Он вышел из бараков и направился вниз, к пологому спуску, ведущему к Новой Земле. Отсюда открывался вид на гавань, изгибающуюся в море, словно выпростанная рука самого Дана’Мана. По всей длине мола были пришвартованы лодки, но первыми в глаза бросились два военных корабля. В пять раз больше любого другого судна, с огромными мачтами и свернутыми парусами, они были готовы выйти в море спустя мгновение после приказа. Снег и лед вылепили причудливые скульптуры на их снастях. С этого расстояния Нокс едва различал фигуры людей, снующих по гавани, но суета портовой жизни заставила его на секунду с тоской вспомнить об относительном спокойствии бараков.
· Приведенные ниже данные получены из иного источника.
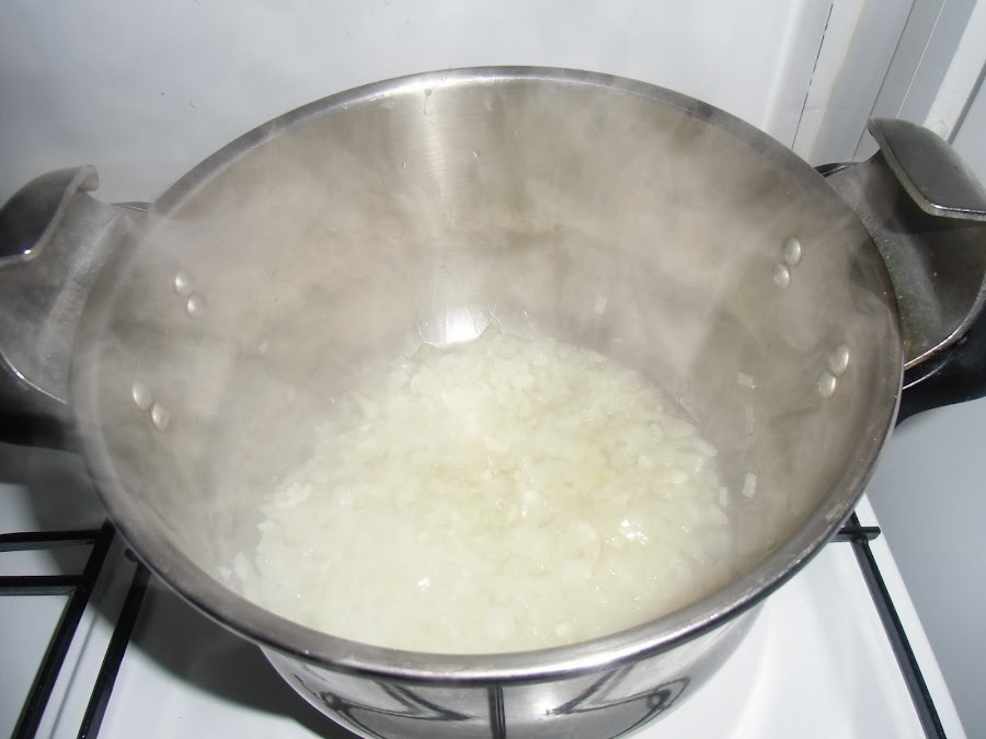 En una olla a presión con un poco de aceite de oliva sofreímos la cebolla y los ajos bien picados añadiendo un poco de sal, retiramos, lo batimos y reservamos.

Но рука пульсировала болью. Щетина в ранах не давала им закрыться. Нокс вынул руку из-за пазухи и удивился: кровь все еще бежала из порезов. Сколько же ее вытекло!.. Какая мрачная ирония — умереть от кровопотери теперь, когда он наконец-то собрался с духом и решил бежать. Бежать — после стольких лет в плену, всех этих смутных мыслей о свободе… Никто не увидит, как он упадет в снег, и жизнь его вместе с мыслями о зеленых полях просочится в вековые льды. Окоченевшее тело найдут на склоне холма, разморозят и скормят тренированным соколам, которые иногда спускаются из-под облаков. Его убил детеныш лисьего льва, будут говорить все вокруг и, возможно даже, смеяться. А через несколько недель или даже дней от Нокса не останется и воспоминания.
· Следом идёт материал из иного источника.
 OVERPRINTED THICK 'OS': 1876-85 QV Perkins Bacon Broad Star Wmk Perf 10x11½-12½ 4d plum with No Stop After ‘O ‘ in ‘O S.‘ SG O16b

Нокс потряс головой, закусил губу, болью побуждая себя к действию, и побежал вниз — к гавани. Он уже видел госпитальную баржу в конце мола, за оружейными мастерскими. А за ней раскинулись открытое море и свобода.


К тому времени, как Ноксу исполнилось семнадцать, он уже понимал значение веры. Он верил в магов: зловещего неуловимого С’Ивэ, прекрасную и ужасающую Эйнджел, — верил истово и страстно. Он знал, что появился на этой земле только для того, чтобы служить им. И ни для чего более. Краткие всполохи воспоминаний детства казались Ноксу осколками снов, замороженных снегами и льдом Дана’Мана. Их значение потерялось, а чувства, которые они будили, давно сжег мороз. Маги — его хозяева, и все, чем он был, все, чем он будет, происходит только от них. Он — солдат, и однажды они призовут его на службу, чтобы отомстить людям далеко на юге, которые когда-то осмелились изгнать магов. Они повелевали его разумом и большую часть времени — его сердцем.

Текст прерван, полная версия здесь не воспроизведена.